Pero ¿qué sucede cuando los otros somos nosotros, un occidental atrapado en la lujuria orientalista? Que podemos enloquecer, como los personajes de Conrad, Coppola o Herzog, o, como en el caso que nos ocupa, sacar el animal que llevamos dentro. Esa sensación es la que embarga al Meursault de El extranjero de Camus y quien mejor lo ha reflejado ha sido el Mastroianni de Visconti (1967), tanto, que lo recuerdo en blanco y negro, cuando hay que recordar que, para llegar al estado de otredad que le lleva a cometer el crimen, es inundado y cegado por un Sol amarillo aplastante. El mismo Sol terrible que achicharra la escena en que «Sebastian Venable» es destruido y devorado por una jauría de jóvenes nativos en De repente, el último verano de Mankiewicz (1959). Ese mismo calor omnipresente día y noche que empapa la Sed de Mal de Welles (1946). No nos centraremos ahora en el majestuoso metraje y movimentos, ni en Heston o Dietrich, sino en la espesura de maldad (qué gran giro en la traducción al español del título) que se va cerniendo sobre la blanca protagonista, la «inocencia» vulnerada del personaje que interpreta Janet Leigh, frente a la cruda amenaza de la alteridad oscura de los sicarios mexicanos (aunque, con sus juegos de espejos, Welles hace que el «bueno» sea también latino y el magnífico Maligno de la película sea el «americano»), y como van tejiendo su trama, con unos rasguños coreográficos que no se volverán a ver hasta, digamos, el Asalto a la Comisaria del Distrito Trece de Carpenter. Una violencia y humillación larvadas que tendrá que ser el salvaje Peckinpah quien las lleve al paroxismo en Perros de paja (1971).

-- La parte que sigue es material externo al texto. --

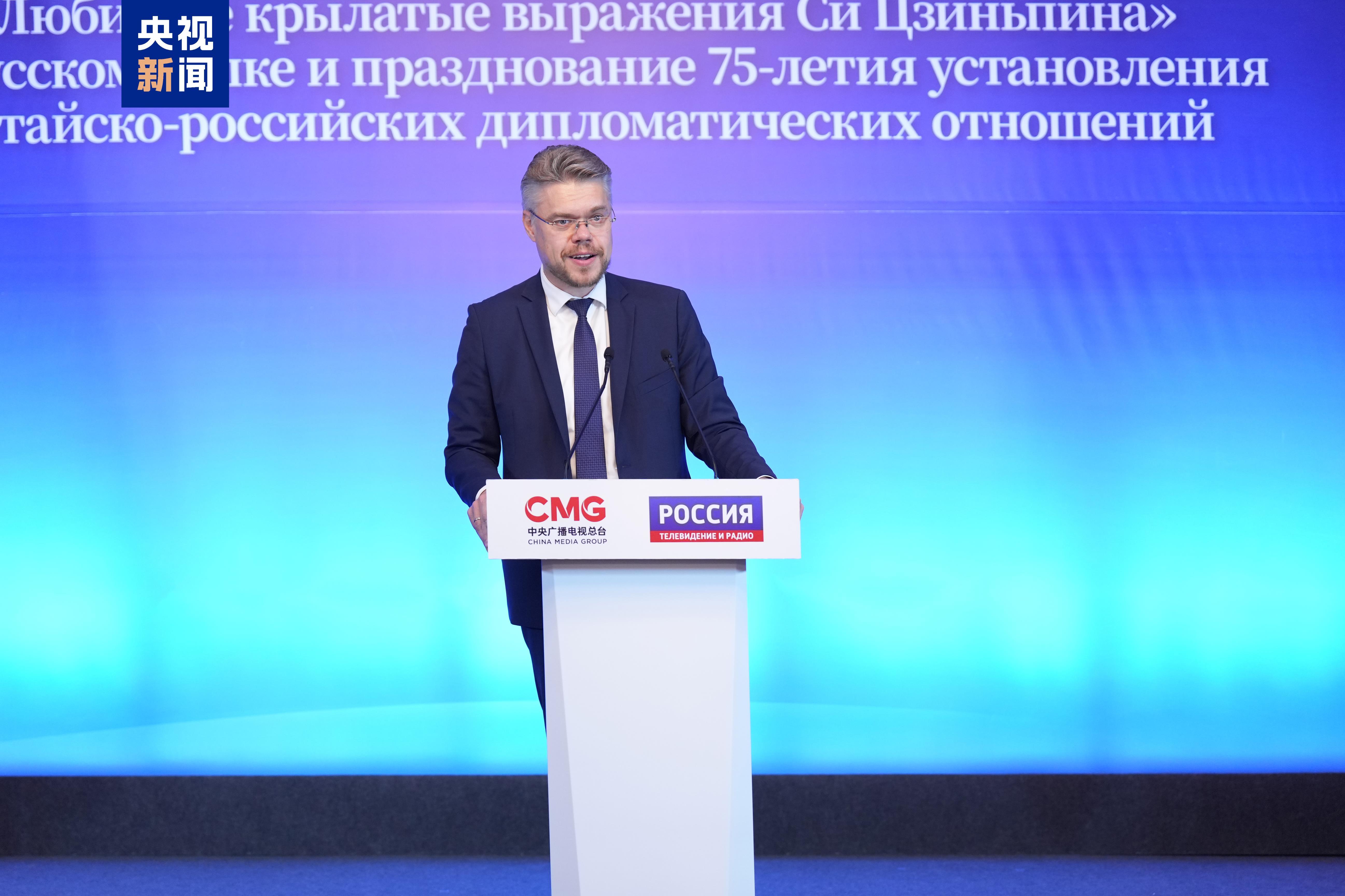 慎海雄表示,举世瞩目的中国共产党二十届三中全会,擘画了中国进一步全面深化改革的宏伟蓝图,也为中俄两国深化人文交流提供了广阔空间。人文交流贵在思想的彼此交汇和文化的相互吸引。中央广播电视总台精品节目《平“语”近人——习近平喜欢的典故》第三季(俄语版)在俄主流媒体播出,生动展现习近平主席广博厚重的文化底蕴和人民至上、家国天下的深厚情怀,提炼阐释中华文明的独特精神标识、新时代内涵和全球化价值,为大家读懂习近平主席治国理政智慧、读懂中华文化和中国精神,领略中国式现代化的壮美宏阔,打开一扇思想之窗。总台将一如既往,做中俄友谊的记录者、讲述者和推动者,愿与俄罗斯各界携手,厚植人文沃土、深耕中俄友谊,助力构建人类命运共同体。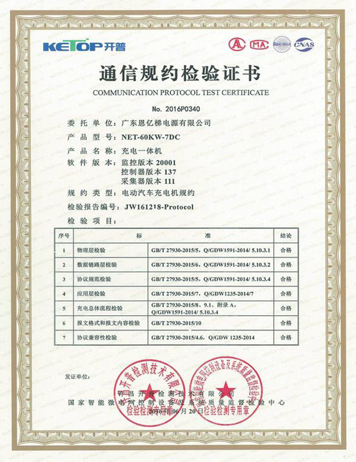 通信規(guī)約檢驗(yàn)證書(充電一體機(jī))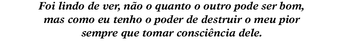Achei a forma como você falou sobre projeção muito corajosa e elegante, como não poderia deixar de ser, vindo de você. Me fez pensar bastante, obrigada!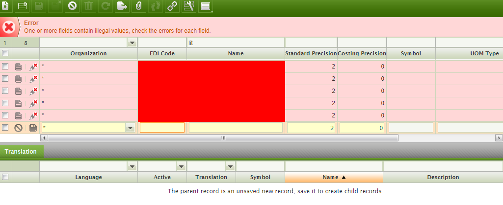 | Steps To Reproduce | 1. As System Admin, open "Unit of measure" window 2. Filter the grid to get just one record 3. Using the pencil icon, edit the record 4. While editing a field, press Down key or use Tab key to move out of the record. As expected, a new record is shown. 5. Press Down or Tab key again, note another blank record is created. See attached screenshot. | |||||||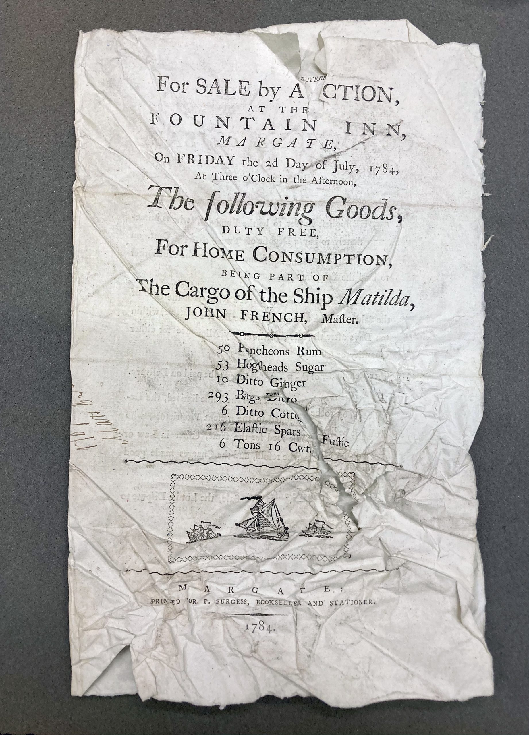 A pamphlet for auction of goods made by enslaved people from St. Croix, salvaged from the wreck of the Prince Frederic in Margate 1782.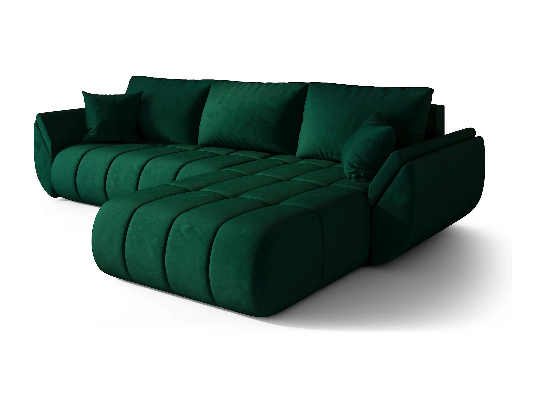 Canapé d'angle avec fonction couchage et coffre de lit Modena Round tissu Arena Green Left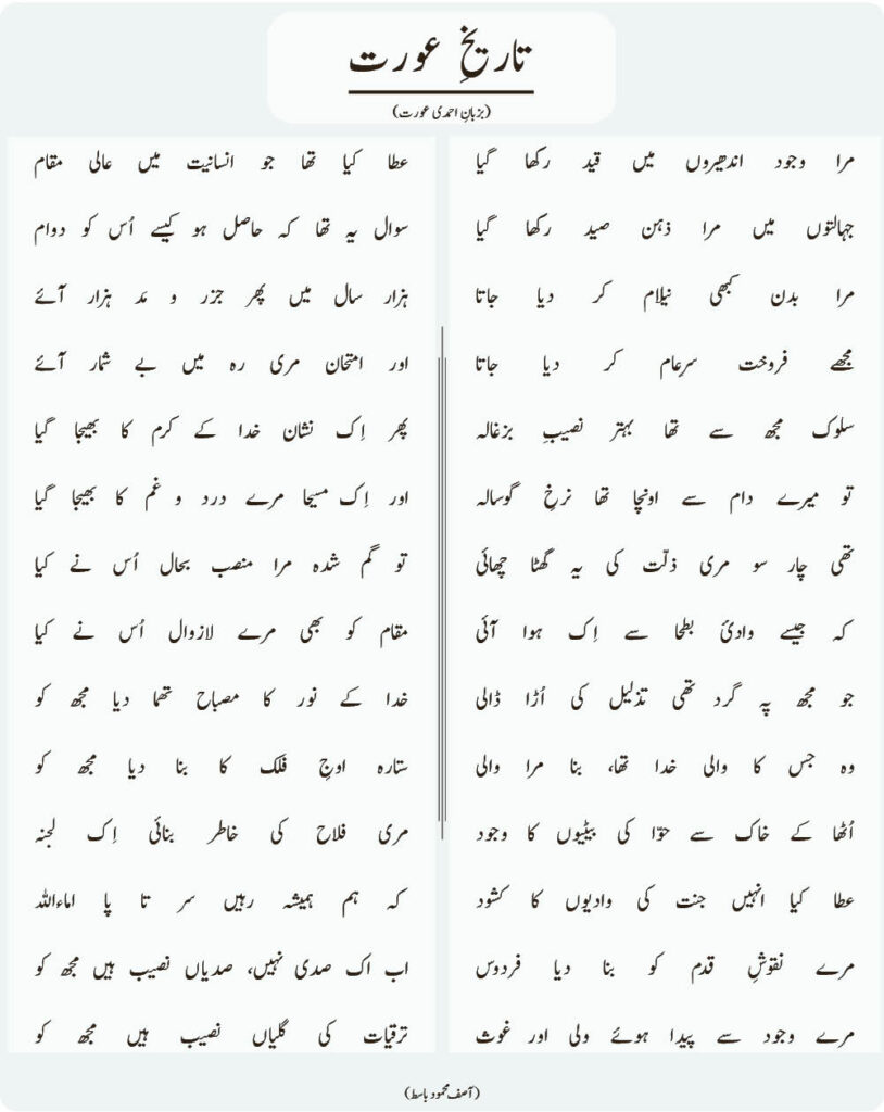 مرا وجود اندھیروں میں قید رکھا گیا جہالتوں میں مرا ذہن صید رکھا گیا مرا بدن کبھی نیلام کر دیا جاتا مجھے فروخت سرِعام کر دیا جاتا سلوک مجھ سے تھا بہتر نصیبِ بزغالہ تو میرے دام سے اونچا تھا نرخِ گوسالہ تھی چار سو مری ذلّت کی یہ گھٹا چھائی کہ جیسے وادیٔ بطحا سے اِک ہوا آئی جو مجھ پہ گرد تھی تذلیل کی اُڑا ڈالی وہ جس کا والی خدا تھا، بنا مرا والی اُٹھا کے خاک سے حوّا کی بیٹیوں کا وجود عطا کیا انہیں جنت کی وادیوں کا کشود مرے نقوشِ قدم کو بنا دیا فردوس مرے وجود سے پیدا ہوئے ولی اور غوث عطا کیا تھا جو انسانیت میں عالی مقام سوال یہ تھا کہ حاصل ہو کیسے اُس کو دوام ہزار سال میں پھر جزر و مَد ہزار آئے اور امتحان مری رہ میں بے شمار آئے پھر اِک نشان خدا کے کرم کا بھیجا گیا اور اِک مسیحا مرے درد و غم کا بھیجا گیا تو گم شدہ مرا منصب بحال اُس نے کیا مقام کو بھی مرے لازوال اُس نے کیا خدا کے نور کا مصباح تھما دیا مجھ کو ستارہ اوجِ فلک کا بنا دیا مجھ کو مری فلاح کی خاطر بنائی اِک لجنہ کہ ہم ہمیشہ رہیں سر تا پا اماءاللہ اب اک صدی نہیں، صدیاں نصیب ہیں مجھ کو ترقیات کی گلیاں نصیب ہیں مجھ کو آصف محمود باسط

(Por cierto, aunque los extranjeros no son populares para muchos intolerantes, el título sí lo es repitiéndose a menudo en el cine, con, en los últimos años, hasta uno con Steven Seagal 😉 en 2003, con Jason Patric en 2016, y con Chan y Brosnan en 2017)


De Bava a Anger y Almodóvar, Venecia Rojo Shocking, delirio colorista y turbulencia emocional

Si algo era común en el cine de los Bava, Eugenio (abuelo) Mario (padre) Lamberto (hijo) era el delirio colorista que imprimían al terror, a la densa turbulencia emocional que se adivina en los personajes de sus tragedias, hoy en un film iniciático del género del giallo, Sei donne per l’assassino, en la Filmoteca de Catalunya.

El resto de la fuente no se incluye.